Recent studies estimate ~40% of the U.S. population is obese, constituting ~$200 billion in annual medical costs. Obesity is a major risk factor for cardiovascular disease, type 2 diabetes mellitus (T2DM), and non-alcoholic fatty liver disease (NAFLD), all of which have dysregulated glucose and lipid homeostasis. Liver Receptor Homolog-1 (LRH-1) is a nuclear hormone receptor that regulates diverse cellular processes including hepatic glucose, cholesterol, and bile acid homeostasis. Despite identification of LRH-1 as a validated drug target for the treatment of T2DM and NAFLD, previous drug development efforts have been unsuccessful. Further, recent studies have shown ~30% of LRH- 1 is modified through SUMOylation of its dynamic hinge region. Ablation of this SUMOylation in a knock-in mouse model showed this modification was necessary for proper cholesterol and lipid homeostasis as the transgenic mice developed worse NAFLD compared to their wildtype littermates. Although the physiological relevance of LRH-1 SUMOylation has been well validated, how SUMOylation affects LRH-1 structure remains unknown.
In Aim 1, we propose to determine the effects of SUMOylation on the LRH-1 ligand-binding domain through structural and functional assays. Structural effects will be determined through using NMR to determine which amino acids are altered due to this modification, while functional effects will be determined through coactivator recruitment binding assays and gene expression assays.
In Aim 2, we propose to determine how SUMOylation affects the multi-domain architecture of LRH-1 using a combination of small angle X-ray scattering and electron paramagnetic resonance distance measurements to develop computational models of unmodified and SUMOylated LRH-1. These models will be validated genetically through a combination of in vitro and in vivo functional assays. Together, these aims seek to determine how SUMOylation of an unstructured hinge region affect the structure and function of LRH-1. This study will address a clear gap in literature and may provide crucial structural information necessary to effectively drug LRH-1 for the treatment of T2MD and NAFLD.

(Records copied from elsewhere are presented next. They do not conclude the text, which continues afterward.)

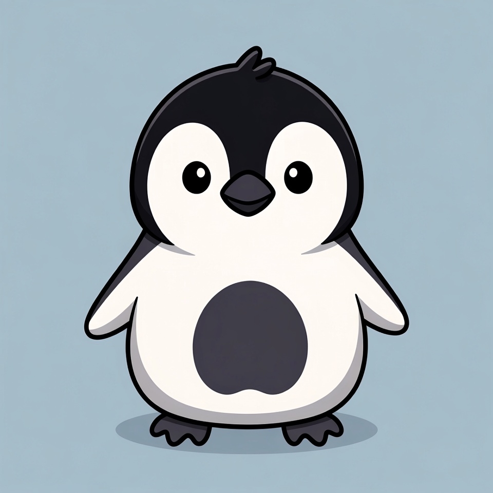 adorable, animal, big eyes, bird, black white, cartoon penguin, chubby, clipart, cute penguin, illustration, isolated background, kawaii, standing penguin, vector art, penguin
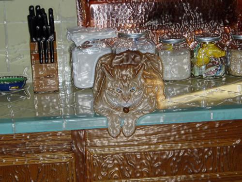 I think a way to keep the kitchen and the cat clean is to wrap the whole kaboodle in plastic. No more shedding, or dirty dishes.
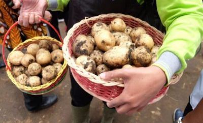 Brul…brul…Ketiga pejabat itu bersamaan menarik batang kentang dari dalam tanah. Umbi-umbi kentang sekepalan tangan tampak bergantungan. Ada semburat warna kuning-khaki dari kulit kentang yang berlumur tanah itu. Umbi kentang yang sehat. “Produktivitasnya di atas 15 ton per hektare,” kata Menteri Yasin Limpo, dengan bersemangat.
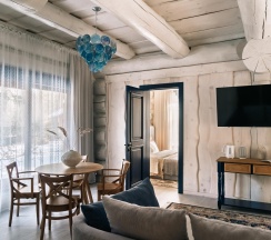 Жилая зона : двуспальная кровать, двуспальный диван, 2 прикроватные тумбы, кресло-качалка, журнальный столик, увлажнитель воздуха, телевизор Smart TV, Wi-Fi, гладильная станция, шкаф вещевой, торшер 2 шт, телефон для внутренней связи, сейф. Кухонная зона : холодильник с морозильной камерой, питьевая вода,чайная станция. Столовая посуда, столовые приборы, набор бокалов и стаканов, ножи для готовки, глубокие чашки из нержавеющей стали, штопор, разделочная доска, принадлежности для мытья посуды. Санузел с душевой кабиной, умный унитаз с функцией биде, подогревом сиденья и подсветкой, раковина. Набор полотенец, халат и тапочки (для каждого гостя). Мыло, гель для душа, шампунь для волос, кондиционер для волос, лосьон для тела. Зеркало, фен, теплый пол.
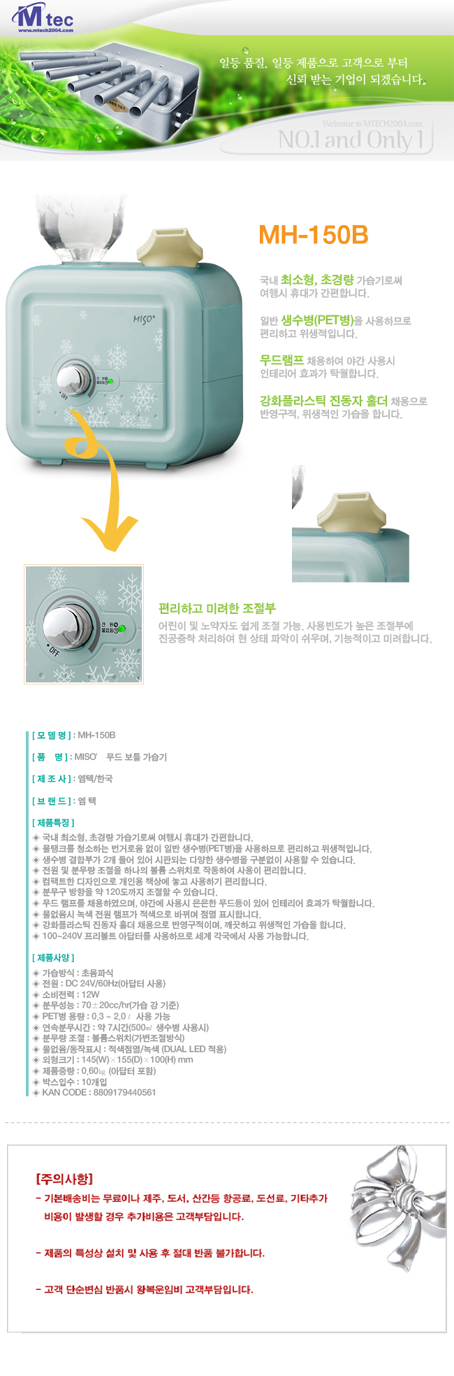 [국산! 저소음!★부식없는 진동자채용!]엠텍 무드보틀 프리미엄 가습기[MH-150B]
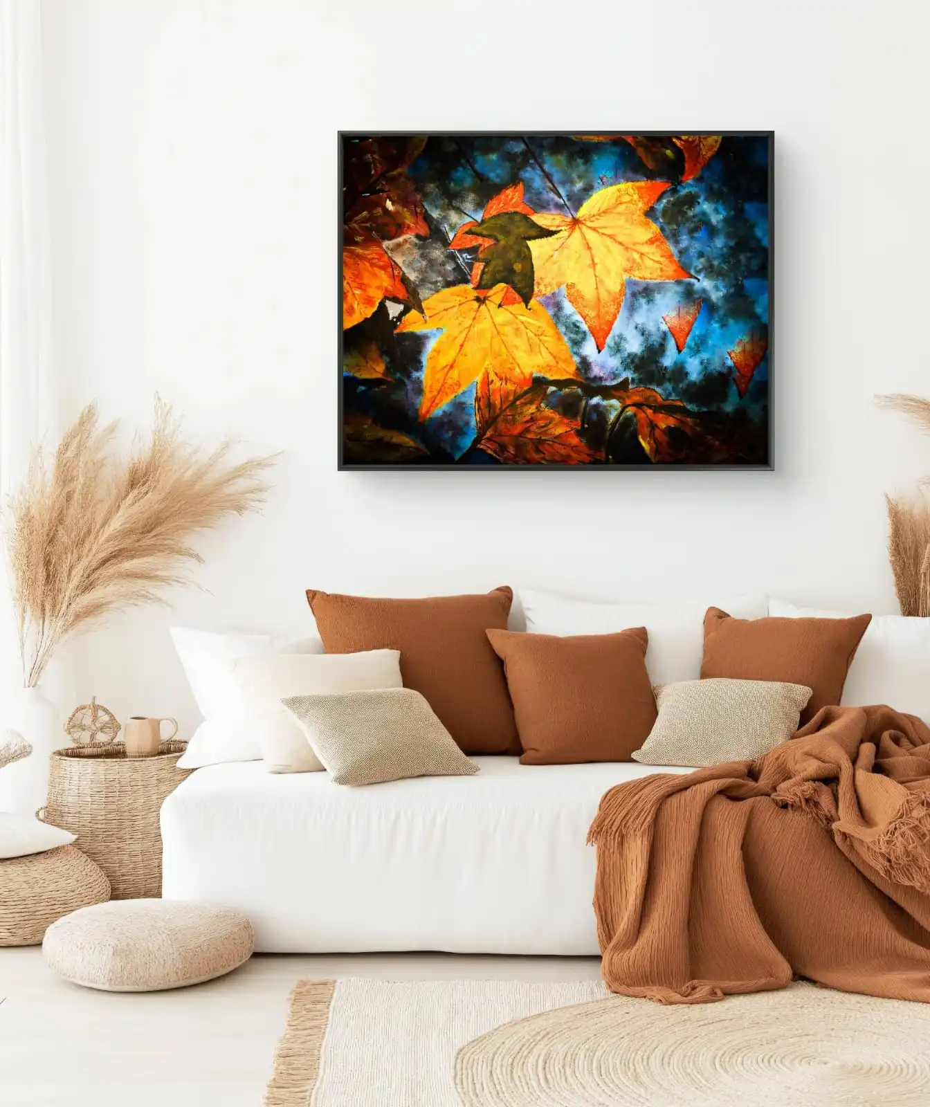 Autumn Night Painting is a fine art print on cotton canvas created from the original handmade painting. It suits living rooms, bedrooms, and workspaces. Offered in classical, gallery, and unframed options.
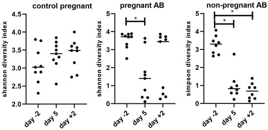 The Shannon index of control pregnant mice did not change during pregnancy (Friedman, p > 0.05). However, in AB-treated pregnant mice, the Shannon index decreased significantly during AB treatment; 2 days after AB treatment, the Shannon index was not significantly different from the Shannon index of the mice before the start of the AB treatment. In non-pregnant mice, the Shannon index significantly decreased during AB treatment and remained significantly decreased 2 days after AB treatment. In untreated non-pregnant mice, the Shannon index at day +2 was similar to the Shannon index of non-pregnant AB-treated mice at day −2, i.e., before AB treatment (results not shown). There were no differences in Shannon index between the different groups (Kruskall–Wallis test followed by Dunn’s multiple comparison test, p > 0.05)
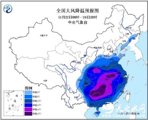 其中,陕西南部、黄淮南部、江淮中西部、江汉、江南中西部、华南北部以及四川东北部、重庆东部、贵州中东部等地气温将下降12~14℃,湖南中南部、贵州东南部、广西北部等地的部分地区降温可达16℃以上。上述地区伴有4~6级偏北风,东部和南部海区风力有7~8级,阵风9~10级。
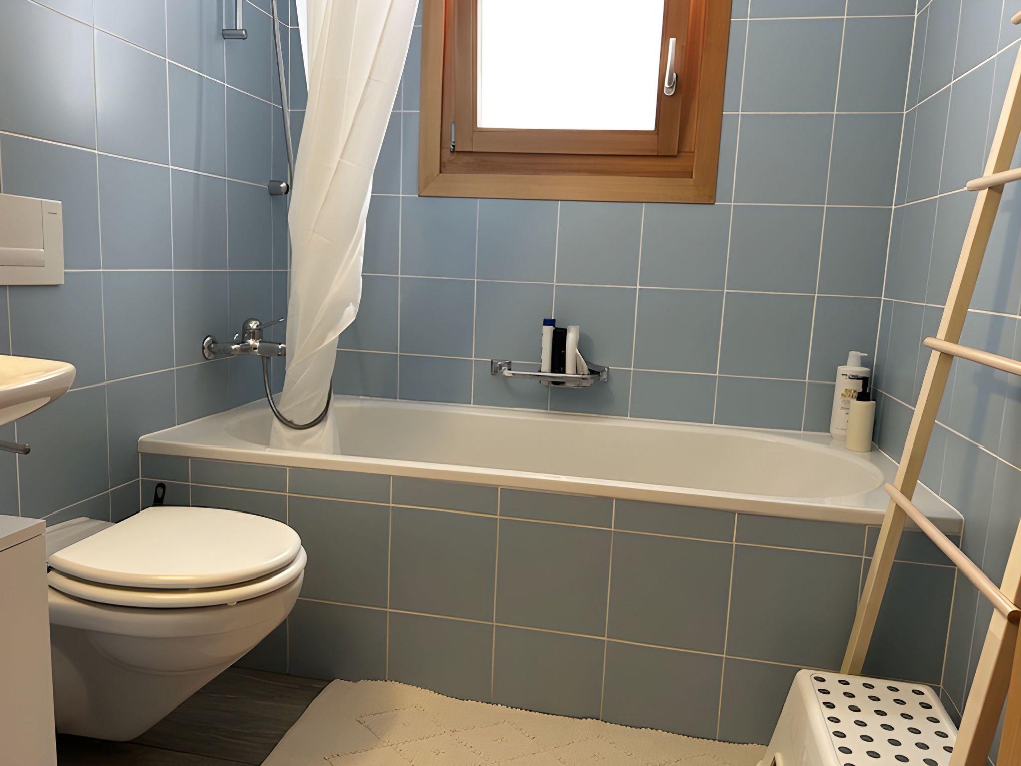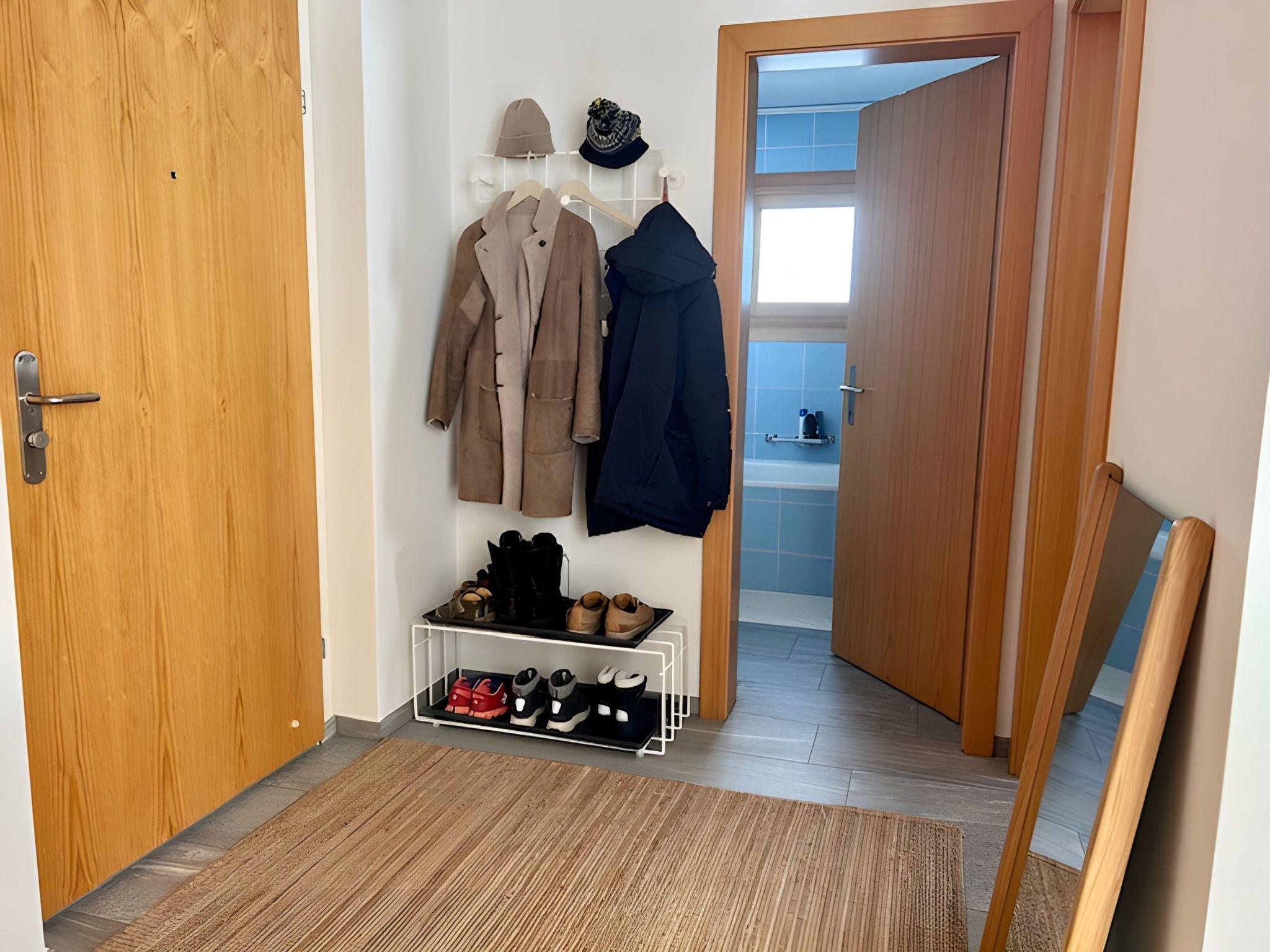 The interior includes a spacious living room with an open-plan, fully equipped kitchen, ideal for a family of four. The sofa doubles as a sofa bed. A 43" TV and Netflix streaming service are available for your entertainment, complemented by a small active speaker for musical accompaniment. The bedroom has a double bed, an extendable children's/teenager's bed and plenty of storage space. Our bathroom, functionally furnished with standard cleanliness, and a work area with a height-adjustable table and comprehensive technical equipment complete the interior design of our cosy flat.

Diabetes and nonalcoholic fatty liver disease (NAFLD) are rapidly growing metabolic disorders in the United States and the developed world. LRH-1 is a validated drug target for the treatment of these obesity related diseases, yet no drug design efforts have been successful. This proposed research study will provide structural details of how LRH-1 is inactivated through a reversible-modification, details of which may be crucial for successful design of an LRH-1 targeted therapy for diabetes and NAFLD.